Even before the arrival of metallurgy to the Greece and surrounding areas, these territories produced constant stream of simple stone, clay and bone decoration items. After the arrival of Bronze Age, Greeks began creating more and more complicated designs eventually producing jewelry that reflected the wealth and power of nobility and rulers. Jewelry in ancient Greece was viewed as a symbol of power, social status, ward against evil, celebration of the gods and was most often used by female members of wealthy class. Even though they received techniques for making gold items from the nearby kingdoms of Egypt and Mesopotamia around 3 thousand years ago, they managed to retain they unique style that was remain unchanged in the centuries that followed.

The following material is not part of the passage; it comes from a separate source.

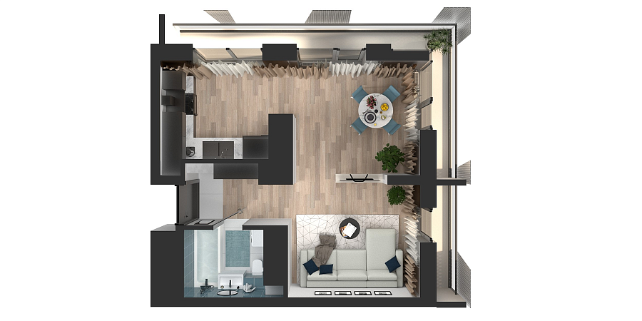 Визуализация и планировка, в том числе в части площади и размера стен жилого помещения, являются проектными и могут быть изменены в ходе строительства объекта. Цена квартиры зависит от выбранной программы и акции, актуальные цены можно уточнить у менеджеров и на момент заключения договора.

Development of great Greek Mycenaean civilization brought the first great rise of jewelry use. Gold became primary decorative raw material, although silver, lead, bronze and various alloys were also used. Carefully crafted rings, necklaces and pendants were some of the most known jewelry types from that period. Sadly fall of the Mycenaean civilization brought three hundred years of "dark ages" where culture, technology and entire Greek society almost collapsed. This period finally ended with the coming of Golden Age of Greece when their culture blossomed and enabled advancement of jewel making technology to the next level. Use of molds and thin leafs of gold enabled Greeks to manufacture some of the most beautiful pieces of antique jewelry that are preserved today, and regarded as the masterpieces of highest order. The most popular gemstones were amethysts, pearls, chalcedony, cornelian, garnet and emeralds.
Hellenic period and arrival of Alexander the Great brought influx of gold, precious gems and oriental influences to the Greece, but the fall of the Greece under the control of Roman Empire in 2nd century BC brought many drastic changes to their style of jewelry making. Influences of Christianity and formation of Byzantine Empire enabled the renaissance of their style, spreading of high quality jewelry and great regard toward the skilled jewelers. Sadly even those styles reached its end after conquer of the Greece by Turkey, and eventual independence gained in 1827. By then, clashes of styles that raged in their culture brought the destruction of many ancient works of art that were melted and modified to look more in line to the new modern European style.